The Productivity Commission’s Report on Government Services (RoGS) has a large section on Health. The sector is broken into public hospitals, primary and community health, ambulance services, and mental health management.
Total government expenditure across Australia in 2016-17 for health services was estimated to be over $96.7 billion in 2015-16, around 43.2 per cent of total government expenditure on services. The largest contributor was public hospitals ($61.4 billion), followed by primary and community health ($32.1 billion) and ambulance services ($3.2 billion, in 2016-17).
Expenditure for mental health management was $8.4 billion in 2015-16, but because much of this expenditure is already captured in the public hospital and primary community health expenditure it is not included in the health expenditure total to avoid double counting.

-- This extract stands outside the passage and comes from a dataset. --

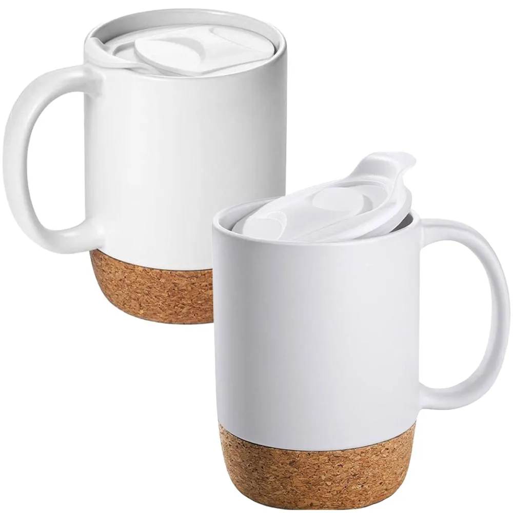 Set 2 cani cafea/ceai, Quasar & Co.®, pretabile voiaj/calatorie, cu capac to go, baza de pluta, ceramica, 400 ml, alb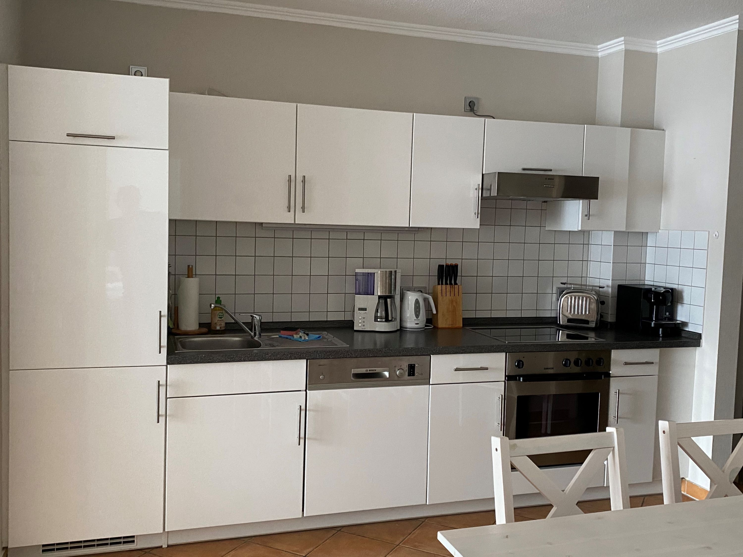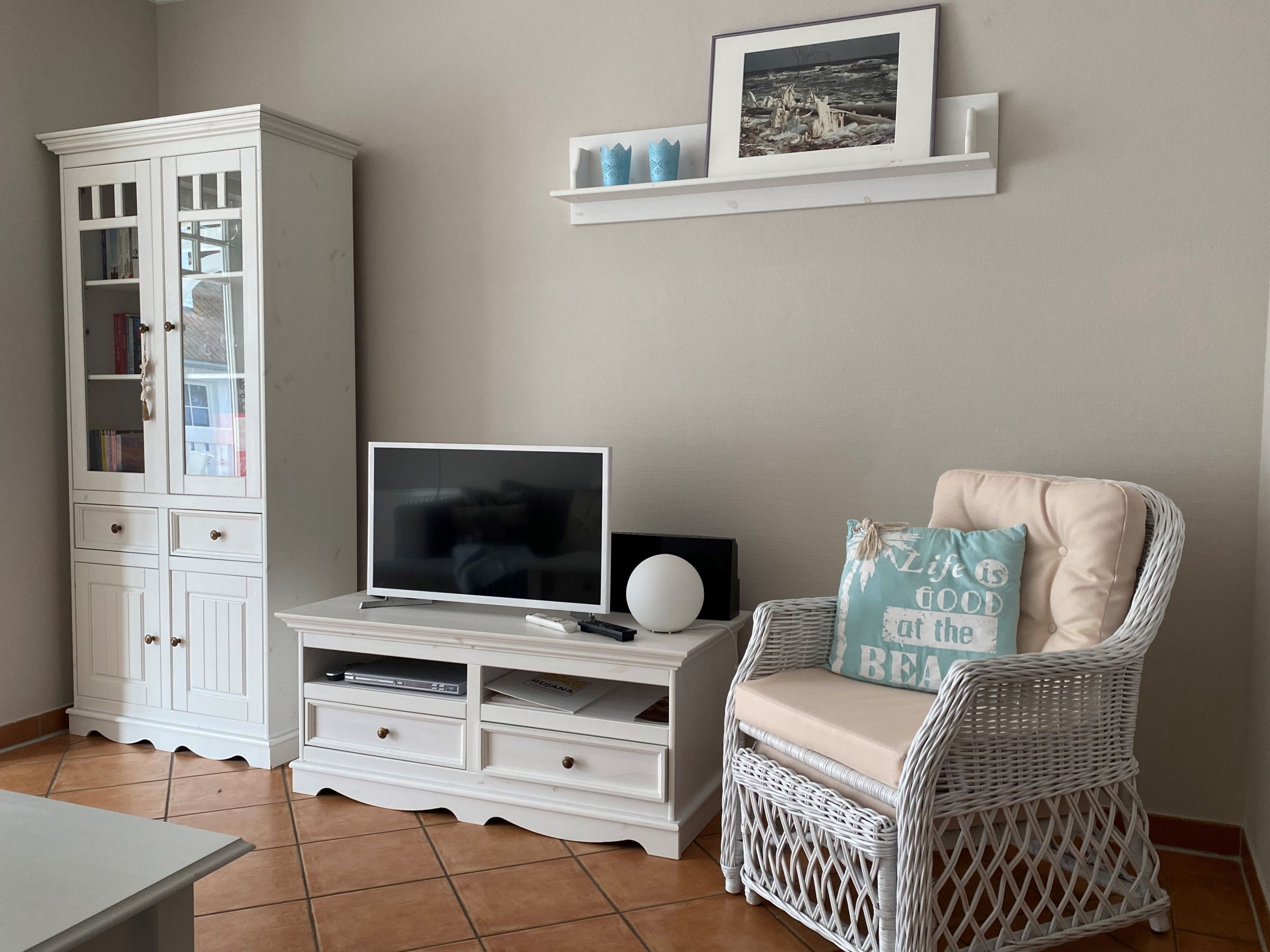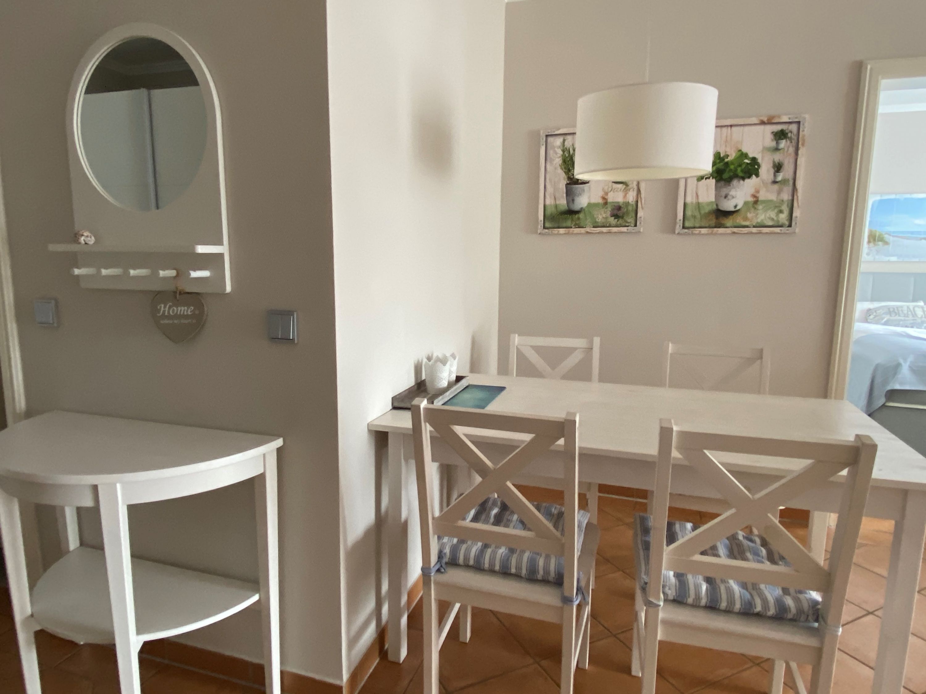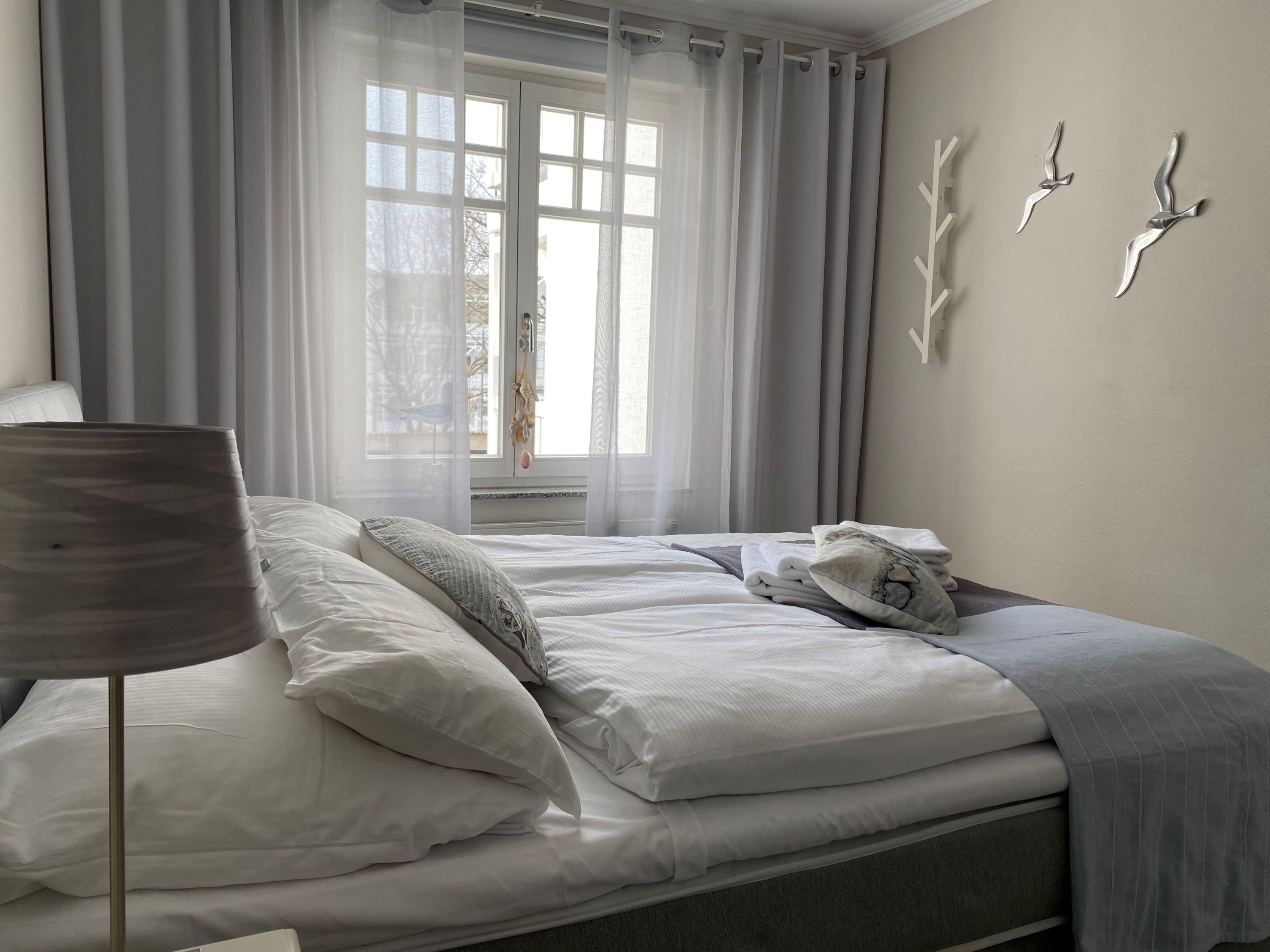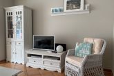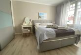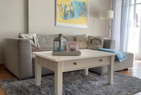 Die Wohnung wurde aufwendig saniert und hochwertig ausgestattet. Bei der Einrichtung wurde viel Wert auf natürliche Materialen und eine maritime Note in dezenten, natürlichen Farben gelegt. Der Wohnbereich ist mit weißen Massivholzmöbeln ausgestattet und verleiht dem Raum skandinavische Frische und maritime Leichtigkeit. Im Wohnraum befindet sich ein gemütlicher Essplatz sowie das zum Entspannen einladende Ecksofa, welches eine Schlaffunktion für die 3. und 4. Person bietet. Als Unterhaltungselektronik stehen ein Smart LED-Flachbildfernseher, DVD-Player und Radio/CD-Spieler zur Verfügung. Der Internetzugang ist über WLAN kostenfrei. Das moderne Bad verfügt über hochwertige Armaturen, Handtuchheizkörper, Dusche, WC sowie Waschtisch, Fön und Fußbodenheizung. Die in den Wohnbereich integrierte Küche ist modern mit einer Kühl-/Gefrierkombination, einem Backofen mit 4-Platten-Cerankochfeld, einer Geschirrspülmaschine, einer NESPRESSO-Kapselmaschine, Filterkaffeemaschine, Wasserkocher, Toaster, einem hochwertigen Messerset sowie diversen Kleingeräten ausgestattet. Das Schlafzimmer bietet, neben einem rückenfreundlichen Boxspringbett (H3) mit bequemen Einstieg (65 cm Höhe), höchsten Schlafkomfort, einen geräumigen Kleiderschrank sowie eine Frisierkommode im skandinavischen Stil. Ein Hochstuhl steht Ihnen zur Verfügung und bei Bedarf kann auch ein Babyreisebett gestellt werden.

The RoGS Health section is available here.
In 2015-16, Australia had 701 public hospitals. About two thirds (69 percent) had 50 or fewer beds, with these smaller hospitals representing only 14.0 percent of total available beds.
There were 60,957 available beds for admitted patients in public hospitals, equivalent to 2.6 beds per 1,000 people. The RoGS reports says the concept of an ‘available bed’ is becoming less important in the overall context of hospital activity, largely because of the increasing significance of same day hospitalisations and ‘hospital-in-the-home’ care.
There were approximately 6.3 million separations from public (non-psychiatric) hospitals in 2015-16, of which just over half were same day patients. Nationally, this translates into 246.9 separations per 1,000 people.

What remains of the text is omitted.